Top of SUPPLIED MATERIAL

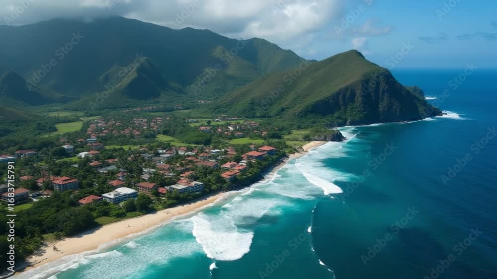 Scenic coastline with resorts and hotels, and breaking ocean waves on Nusa Ceningan, drone view
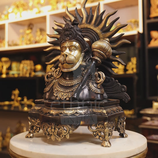 Featuring Lord Hanuman in a bold bust form adorned with coloured stone accents, this intricately detailed brass idol reflects his unwavering loyalty and divine might—perfect for pooja spaces or as a powerful spiritual centrepiece.
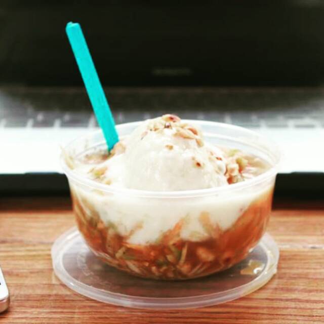 Cuaca panas matahari terik enaknya makan yang adem adem seger nih. Es krim nanas bengkoang pepaya kedondong mentimun gula merahgula jawa petis. Cara manual membuat es puter. Setelah ituhampir setiap hari saya beli rujak ice cream enak.
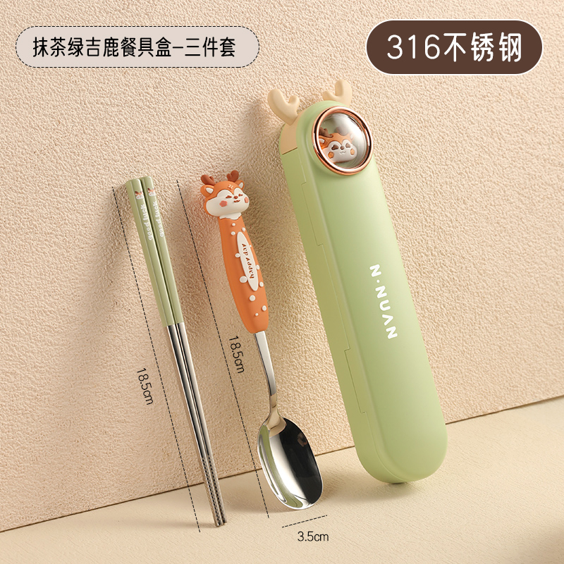 • 【三件套】抹茶绿吉鹿【筷子+勺子+餐盒】✦
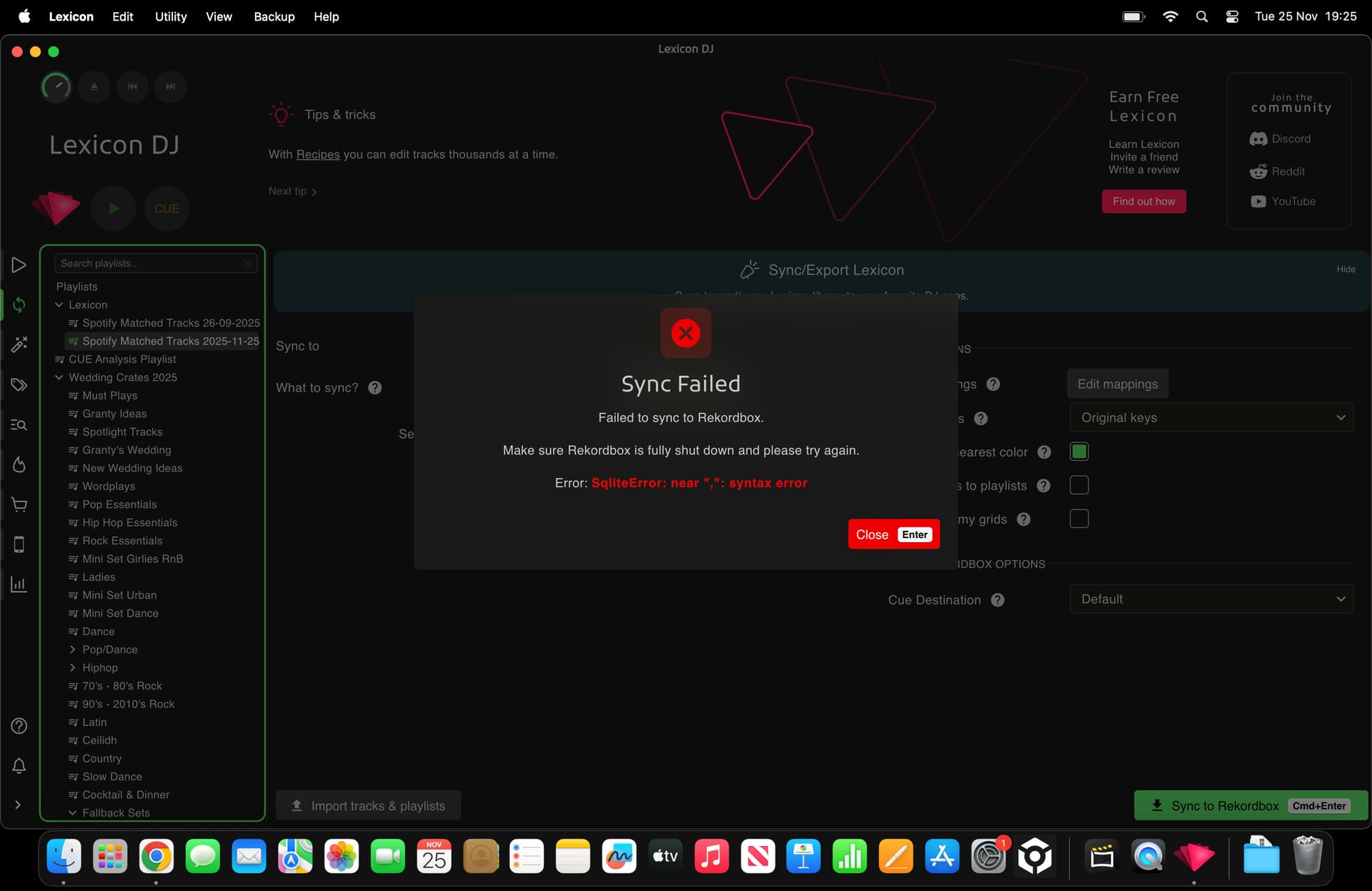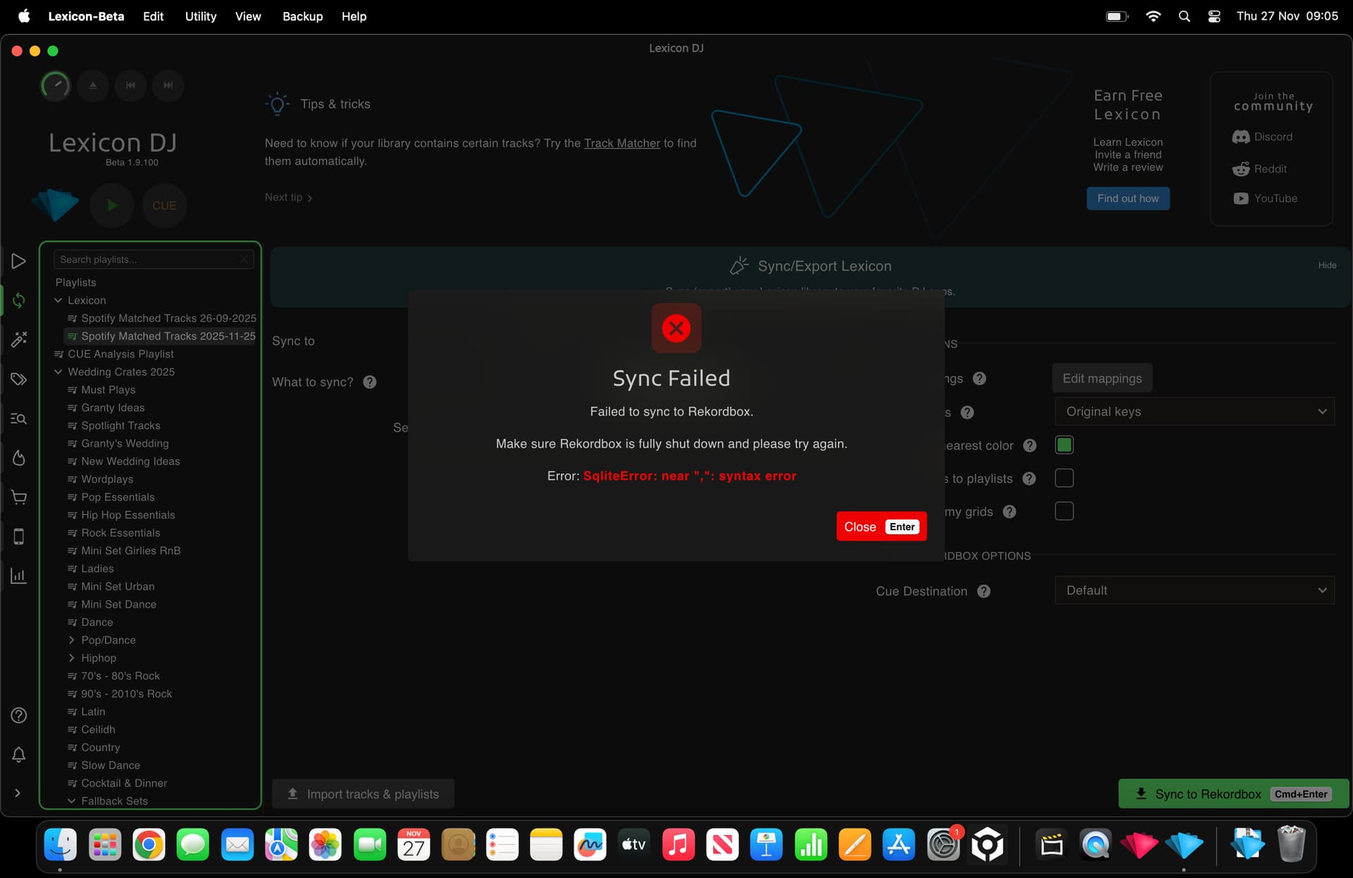 can’t sync a playlist to Rekordbox. Not used Lexicon in about a month and first time back I have this issue
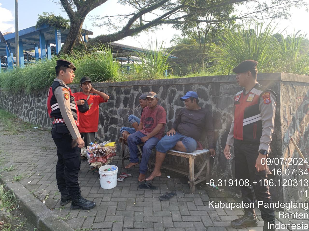 Pandeglang, Selasa (9/7/2024) – Personil Sat Samapta Polres Pandeglang melaksanakan kegiatan sambang dan memberikan himbauan kamtibmas (keamanan dan ketertiban masyarakat) kepada pedagang asongan di Terminal Kadubanen. Kegiatan ini dipimpin langsung oleh Kasat Samapta Polres Pandeglang, AKP Lutfi Tamimi Napitupulu.
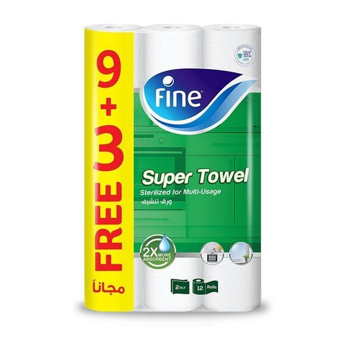 Fine Super Towel Kitchen Paper Towels, 2Ply, Pack of 9+3 Rolls
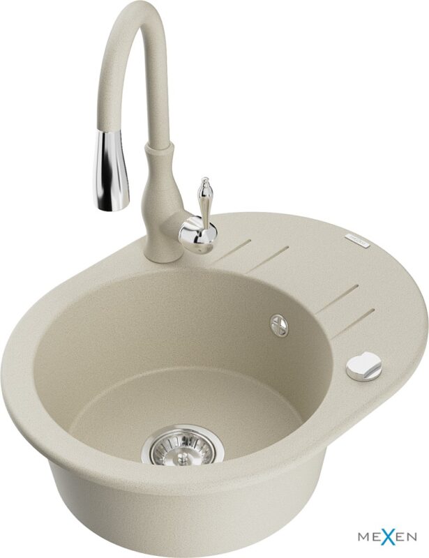 MEXEN/S MEXEN/S – Kevin granitový drez 1 s odkvapkávačom vrátane batérie Savita, béžová 6517-69-672601-69

Bottom of SUPPLIED MATERIAL

WORK TASK: Print all the entries exactly as they appear, without the pictures.

EXPECTED OUTPUT:
 Scenic coastline with resorts and hotels, and breaking ocean waves on Nusa Ceningan, drone view
 Featuring Lord Hanuman in a bold bust form adorned with coloured stone accents, this intricately detailed brass idol reflects his unwavering loyalty and divine might—perfect for pooja spaces or as a powerful spiritual centrepiece.
 Cuaca panas matahari terik enaknya makan yang adem adem seger nih. Es krim nanas bengkoang pepaya kedondong mentimun gula merahgula jawa petis. Cara manual membuat es puter. Setelah ituhampir setiap hari saya beli rujak ice cream enak.
 • 【三件套】抹茶绿吉鹿【筷子+勺子+餐盒】✦
 can’t sync a playlist to Rekordbox. Not used Lexicon in about a month and first time back I have this issue
 Pandeglang, Selasa (9/7/2024) – Personil Sat Samapta Polres Pandeglang melaksanakan kegiatan sambang dan memberikan himbauan kamtibmas (keamanan dan ketertiban masyarakat) kepada pedagang asongan di Terminal Kadubanen. Kegiatan ini dipimpin langsung oleh Kasat Samapta Polres Pandeglang, AKP Lutfi Tamimi Napitupulu.
 Fine Super Towel Kitchen Paper Towels, 2Ply, Pack of 9+3 Rolls
 MEXEN/S MEXEN/S – Kevin granitový drez 1 s odkvapkávačom vrátane batérie Savita, béžová 6517-69-672601-69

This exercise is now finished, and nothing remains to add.